Responding to Michael's full response to me, below. I guess I don't get how the 
system then takes hold in the public consciousness. We know 
build-it-and-they-will-come doesn't really work most of the time for this sort 
of thing. We need a really compelling motivation.

I think what might help here is if you present an elevator pitch for the whole 
concept. If you're not familiar, the idea is you are in an elevator with a 
significant person and have until you get to her floor to introduce yourself 
and sell your idea to her. In written form, that means something like a 
paragraph. Can you encapsulate the whole idea that way? That may make it easier 
for people to wrap their minds around the whole general concept, and then 
perhaps the particulars will sort themselves out internally...

(Note, elevator pitches can be quite hard to develop. There's a famous Pascal 
line at the end of a long missive that translates basically to: "I made this 
letter very long, because I did not have the leisure to make it shorter.")

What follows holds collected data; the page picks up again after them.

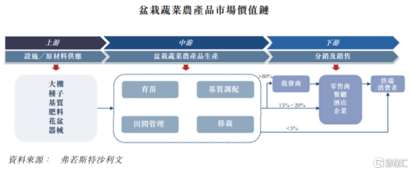 从竞争格局来看,富景农业所处的盆栽蔬菜农产品行业高度分散,有众多参与者,行业竞争激烈。富景农业主要通过分销商网络销售盆栽蔬菜农产品,公司的分销商再将产品转售至山东省、西安市及大连市的逾1000名客户,其中大部分为酒店及餐厅。同时公司也向中国的酒店及餐厅等终端客户直接销售少量产品。
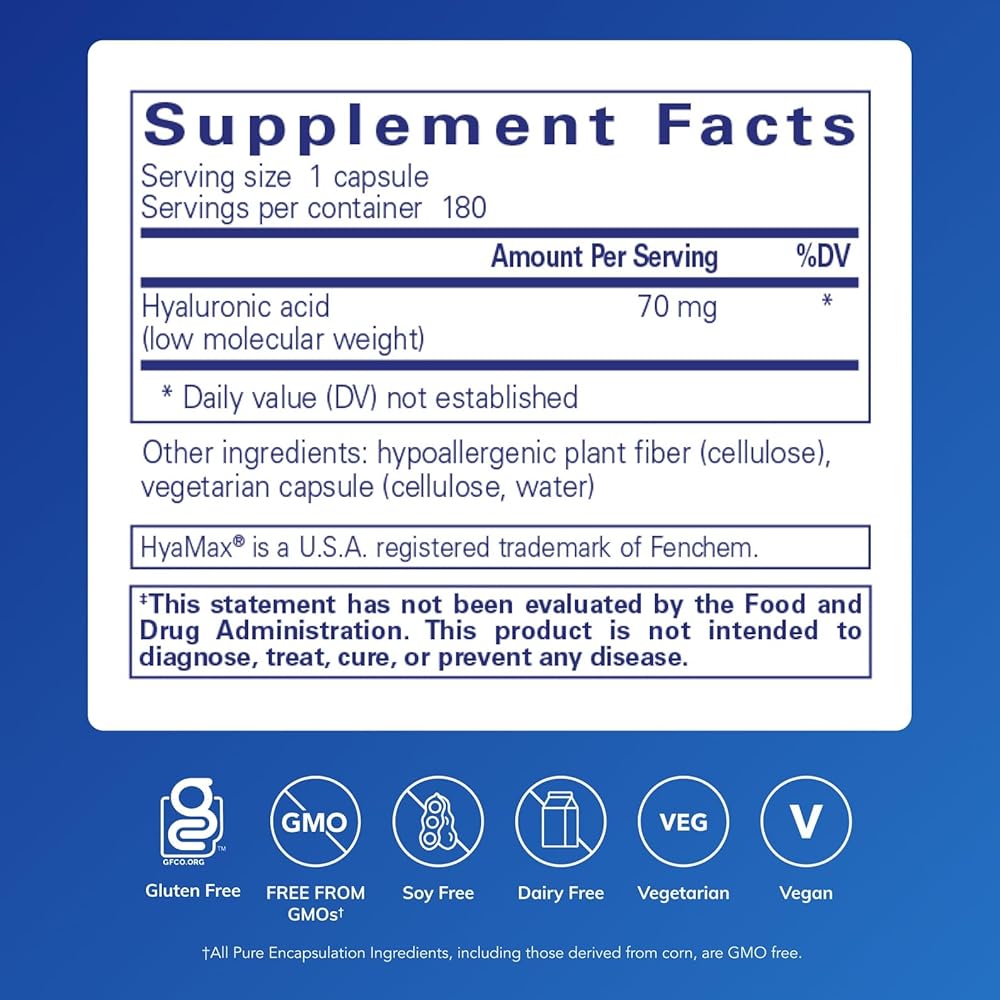 Skin Hydration: Pure Encapsulations Hyaluronic Acid supports youthful skin and hydration, as well as joint function and comfort*
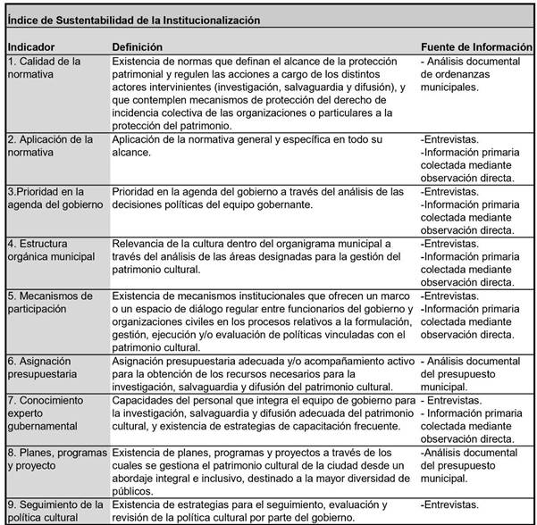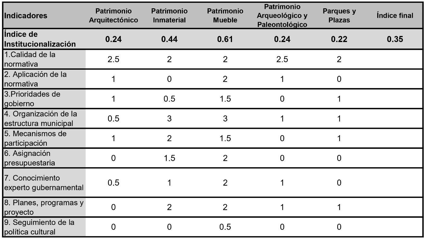 4. Índice de Sustentabilidad de la Institucionalización del Patrimonio Urbano

On Jul 21, 2012, at 5:00 PM, Michael Allan wrote:

> Ed said,
>> ...  I think I get stuck here:
>> 
>>> The public party strives to increase its primary turnout by all
>>> means.  This includes mirroring the votes of would-be competitors
>>> (other public parties) such that turnout is effectively pooled
>>> among them. *
>> 
>> How can this mirroring be accomplished without duplication of votes?
>> Most current formal elections (including primaries) are anonymous,
>> and rely on a controlled registration process. If you are
>> aggregating these controlled elections along with less-controlled
>> input from many other sources, isn't it possible for some people to
>> vote many times (or at least twice), while others with less
>> energy/time/knowledge/etc. would have fewer votes (or perhaps just
>> one)?
> 
> Yes, that's correct.  We cannot image anonymous votes.  We must know
> the identity of the voter and the time at which the vote was cast.
> Only the latest vote is valid.
> 
>> Alternately, if the anonymous election is assumed to always be
>> redundant with other mirrored systems, then isn't it meaningless to
>> the vote mirror?
> 
> I think an anonymous primary (political party) is meaningless as far
> as its votes are concerned.  But the voters, nominees and candidates
> are valuable.  The public parties want the voters for sake of turnout,
> and they use the nominees and candidates to attract them.
> 
> The anonymous official election (state) is meaningful for executing
> the decision of the public primaries.  Private individuals will carry
> the decision across with their ballots.
> 
> Outside of these two places, anonymous voting seems unlikely to be
> important or common.  It's kind of boring, so it probably won't be
> competitive with public methods when people have a choice.